The National Development Fund links the Saudi Fund for Development, the Saudi Industrial Development Fund, the Agricultural Development Fund, the Social Development Bank and the Human Resources Development Fund.
Of these, one of the largest is believed to be the industrial fund, which has a capital of at least SAR65bn ($17.3bn) and provides loans to industries including, chemicals, construction materials and food, according to Reuters.
Any other fund or bank can also be linked to the national fund under the orders of the country’s ruler King Salman.
For now the kingdom’s estimated $180bn sovereign fund the Public Investment Fund (PIF) is not included.
The National Development Fund will supervise the entities and have a board chaired by Crown Prince Mohammed Bin Salman, who is also chairman of the PIF and the face of the kingdom’s reform efforts.

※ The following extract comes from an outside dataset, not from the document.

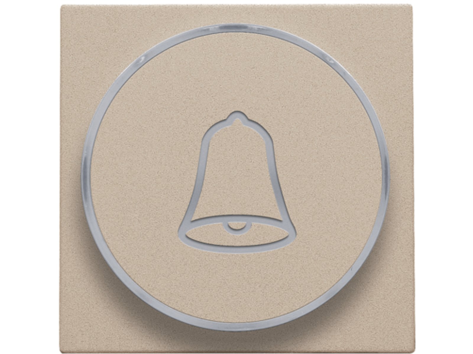Afwerkingsset met doorschijnende ring met belsymbool voor drukknop 6 A met amberkleurige led met E10-lampvoet, champagne coated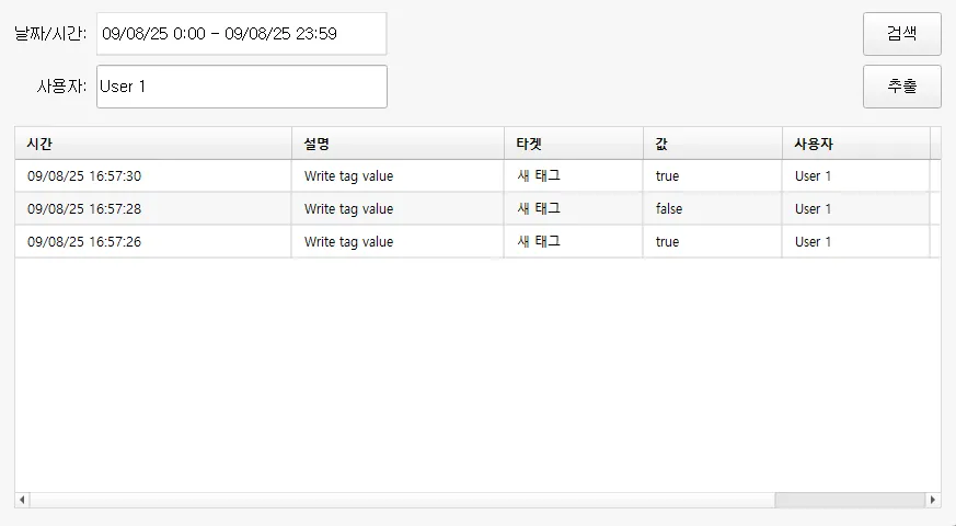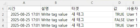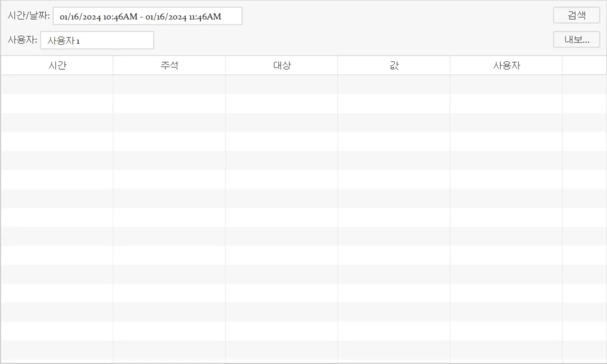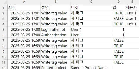 섹션 제목: “기능 설명”감사 로그는 런타임 실행 중 발생하는 모든 사용자 동작을 추적합니다. 태그 값 변경, 로그인 등과 같은 사용자 동작이 감사 로그에 기록됩니다. 이러한 기록은 발생 시간, 동작 설명, 대상, 값 그리고 수행 사용자의 내용으로 구성됩니다.

Six other members are to be appointed by King Salman.
“The board of directors of the National Development Fund shall assume all the tasks and powers and take decisions, measures and others as may be necessary to achieve the purpose of establishing the fund,” according to Saudi Press Agency.
“The National Development Fund shall have a governor with a minister’s rank, who is the executive officer of the fund.”
The experts committee of the kingdom’s Council of Ministers has been tasked with preparing draft regulation for the fund within 30 days.
The kingdom also announced the appointment of transport minister Sulaiman Al-Hamdan as minister of civil services.
He replaces Khaled Al-Araj, who was removed from the position in April after being accused of appointing his son to a senior role.
Nabeel al-Amudi, the head of the Saudi Ports Authority, has been appointed transport minister, according to ME news websites.